Tibet and the attraction of Buddhism

Nathan Newman nnewman at ix.netcom.com
Thu Jul 2 09:26:33 PDT 1998

-----Original Message----- From: Doug Henwood <dhenwood at panix.com> To: LBO-talk at lists.panix.com <LBO-talk at lists.panix.com>

>What is it about Tibet and the Dalai Lama? Why are it and he such
>obsessions among otherwise nonpolitical types? And is he really the
>innocent that Richard Gere and Patti Smith would have us believe? Can
>anyone elighten me?

My view of the Dalai Lama predates some of the present hype due to religion classes I had back in college by Robert Thurman, one of the Dalai Lama's top US spokesman and now head of Tibet House in NYC. The appeal of the Dalai Lama I think is two-fold beyond the obvious "safeness" of his cause. First, the Dalai Lama is a strong spokesperson for peace in areas beyond his own cause. He does not promote a narrow nationalism for Tibet but ties it strongly to the broader present global concerns of peace and justice (even if the pre-China Tibet can be justly condemned in many aspects).
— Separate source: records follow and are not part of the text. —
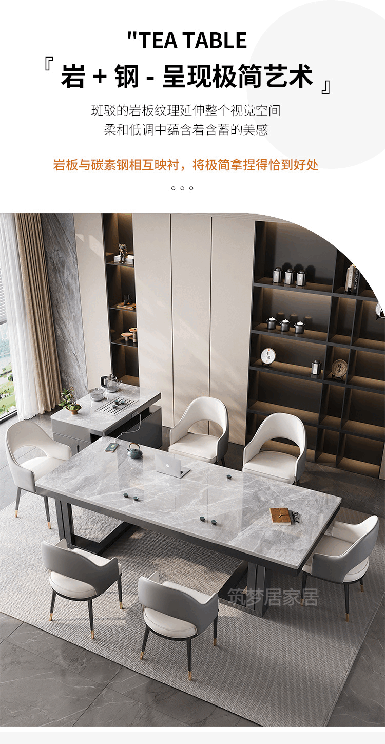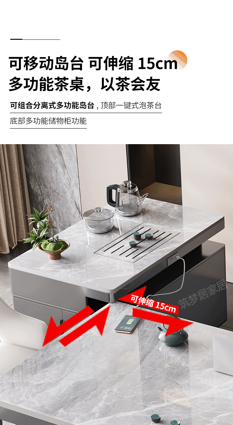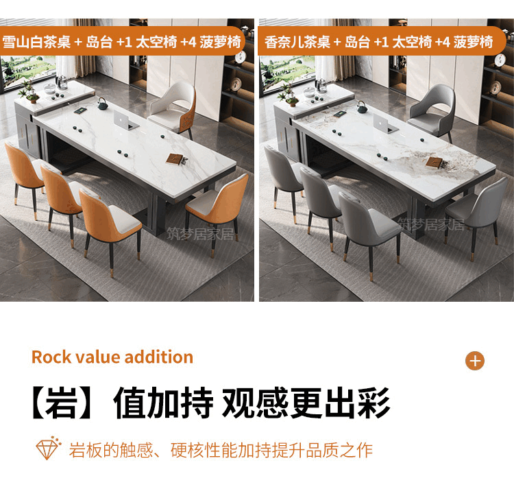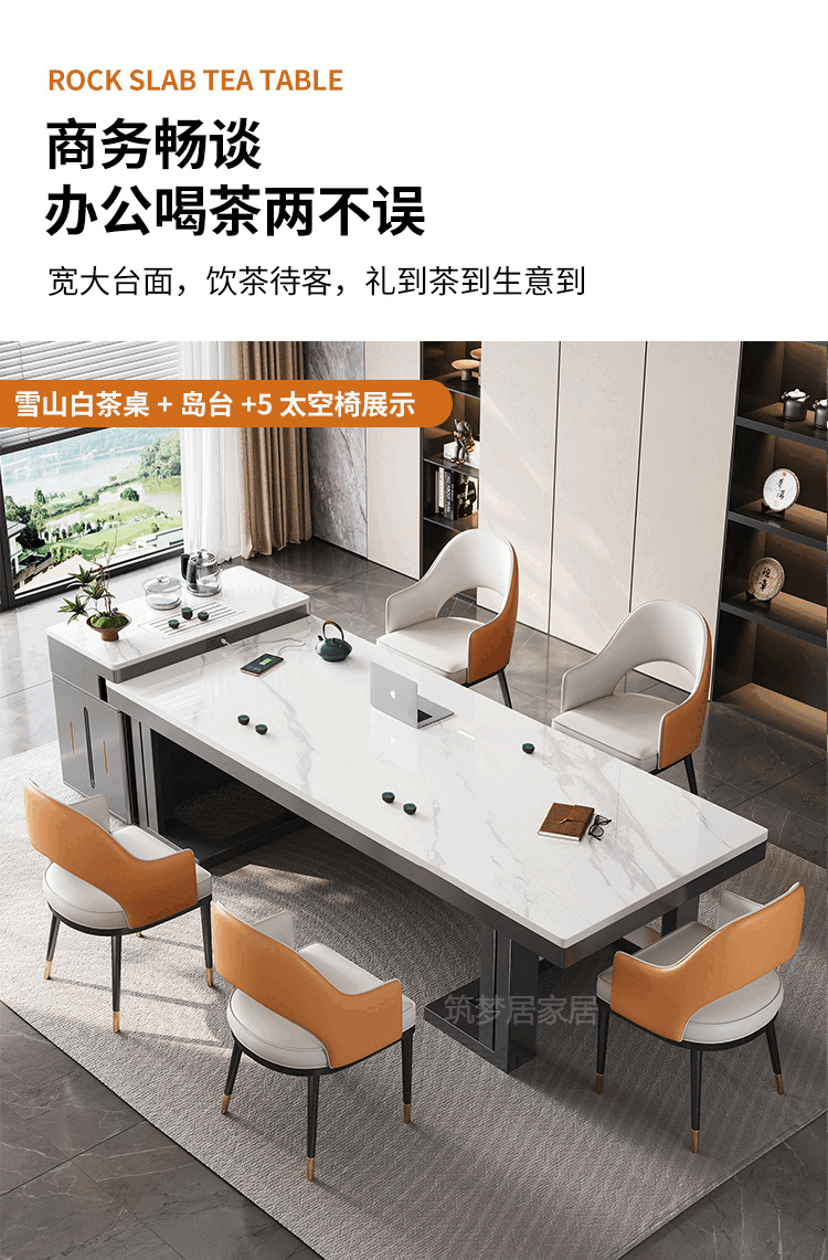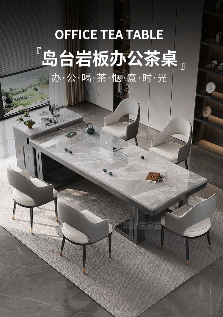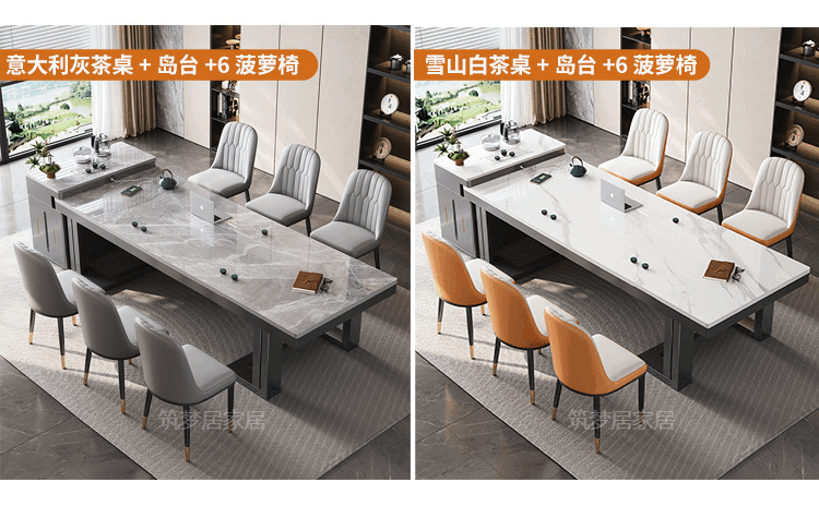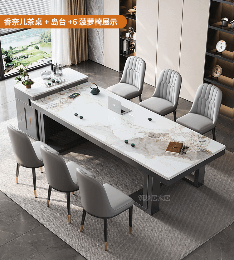 倘然之家轻奢简约岩板岛台餐桌茶桌椅组合高级感办公室家用烧水壶一体茶台 1.8米总长【茶桌岛台】+单桌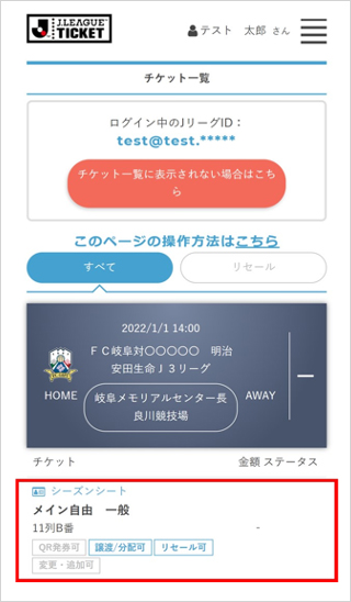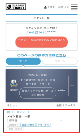 - 代表者がシーズンシートをご購入されている場合、同伴者の分をまとめてリセールすることはできません。リセールの際は、リセールされる「ご本人様」が「JリーグID」を取得のうえお手続きをお願いいたします。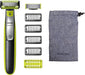 Lieferumfang: OneBlade Handstück, 2 Klingen, 4 Trimmaufsätze für das Gesicht, 1 Trimmaufsatz für den Körper, 1 Haut Schutz Aufsatz, Reisebeutel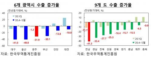 전남 뒤로 코로나19 확산이 심각했던 대구(-41%), 울산(-40.8%)이 수출 부진이 심했고 경남(-33.4%), 광주(-31.9%), 부산(-30.1%), 전북(-27.7%), 강원(-25.3%), 경북(-16.4%), 경기(-15.7%), 충남(-15.5%), 인천(-13.8%), 인천(-13.8%), 대전(-10%), 제주(-6.5%), 충북(0%) 등 순으로 나타났다.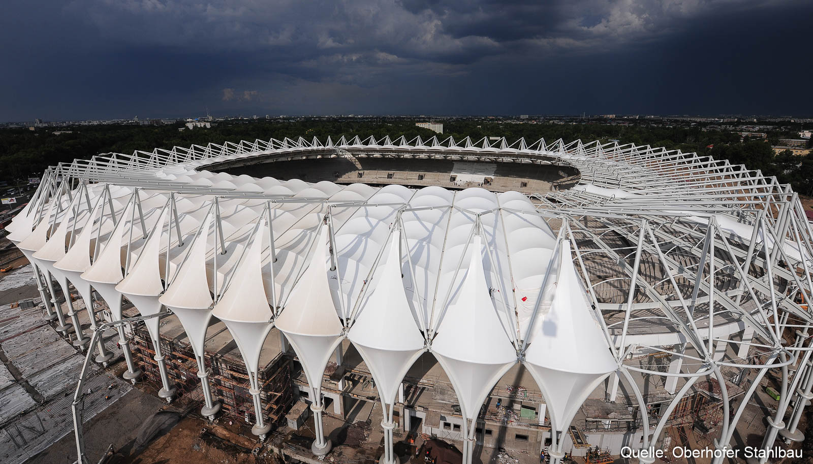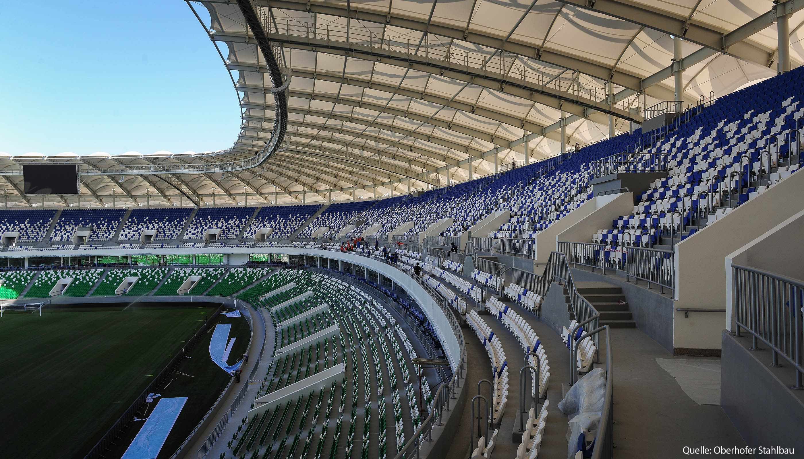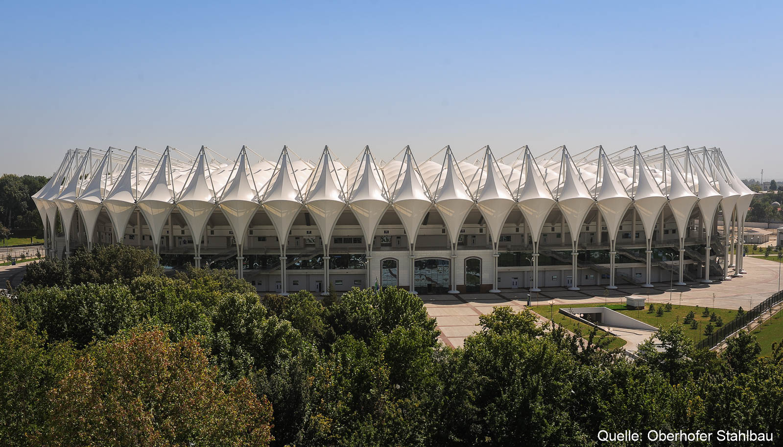 HASLINGER STAHLBAU war im Auftrag der Firma Oberhofer Stahlbau / Saalfelden für die Entwicklung der Anschlussdetails, die Werks- und Montageplanung sowie die Fertigung inklusive der Grundbeschichtung verantwortlich. Die Baustelle war ca. 5.600 km von den HASLINGER Werken entfernt. Umso wichtiger war es, alle Bauteile exakt zu fertigen, die Toleranzen genauestens einzuhalten und großes Augenmerk auf die Endkontrolle in der Werkstätte zu legen. Diese Anforderungen konnten qualitativ einwandfrei umgesetzt werden. Dadurch konnte die gesamte Stahlkonstruktion ohne Anpassungsarbeiten auf der Baustelle in Tashkent montiert werden.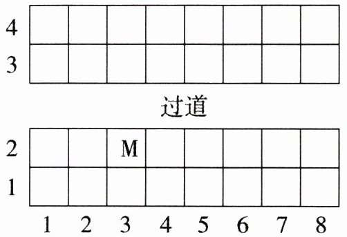 解析:本题考查用数对表示位置的知识点。数对的前一个数字表示列,后一个数字表示行。已知汽车A和汽车M在同一列,汽车M的位置是$(3, 2)$,即在第3列,那么汽车A也应在第3列。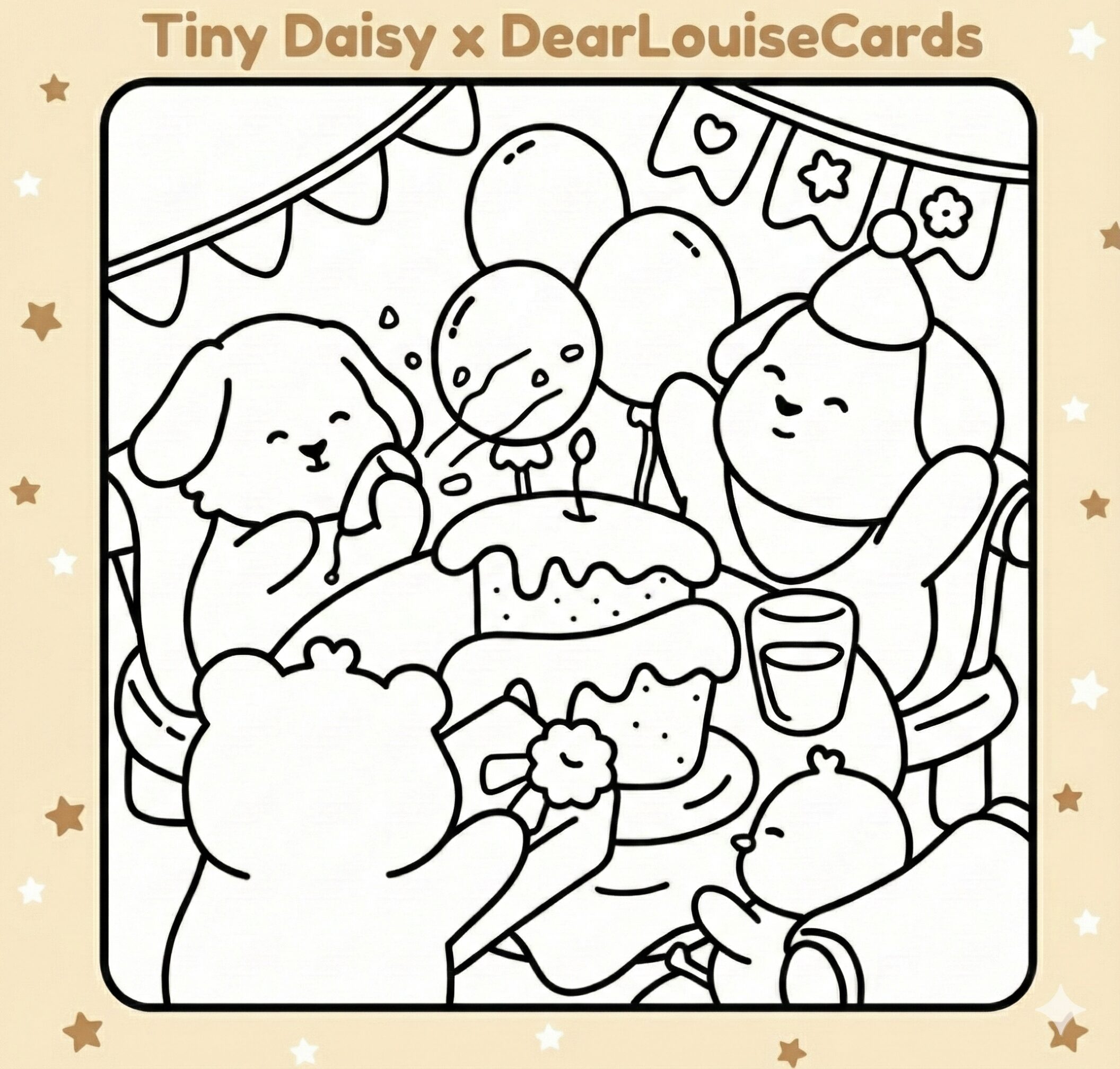 – Licensed Art: Features a stunning, detailed illustration licensed directly from Tiny Daisy Colouring, known for their adorable, cozy, and relaxing line art.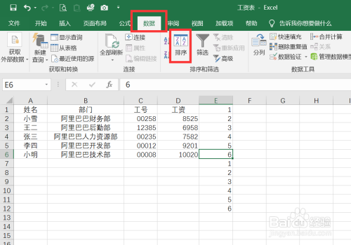 依次执行数据--排序。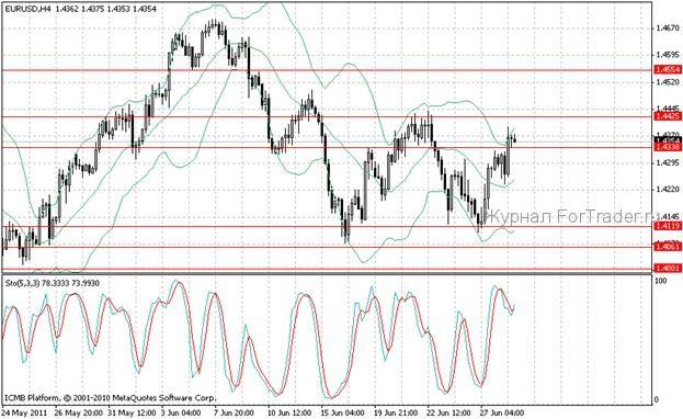 В преддверии голосования по ситуации в Греции валютная пара находит силы, чтобы удерживаться выше отметки 1,4300. Покупателей по паре довольно немного, так как на рынке ощущается возможность серьезного колебания котировок, кроме того, серьезно ухудшилась ликвидность по инструменту. Сейчас цена зажата между скользящими в 100 и 55 дней, поэтому предпосылок для роста выше 1,4400 очень мало. Можно ожидать снижения ниже 1,4364.

By doing this, the Dalai Lama has supported many progressive campaigns around peace and has garnered recipricol support.

And as a religious figure, one should not discount the religious attaction of him as a figure. Tibetan Mayahana Buddhism is extremely attractive for many people (including myself at one point). Unlike some forms of Buddhism that emphasize individual enlightenment and navel-gazing, Tibetan-based Buddhism, known as Mayahana Buddhism, emphasizes social enlightenment where it is the responsibility of the enlightened, boddhisatvas, to help the rest of humanity both economically and spiritually. The religion does not divide the world into the saved and the damned, or the enlightened and the unenlightened, but only into the enlightened and the to-be-enlightened.

Whatever the drawbacks to Tibetan society in economic and social practice, the spiritual basis of encompassing spiritual possibility and openness does have real attractions.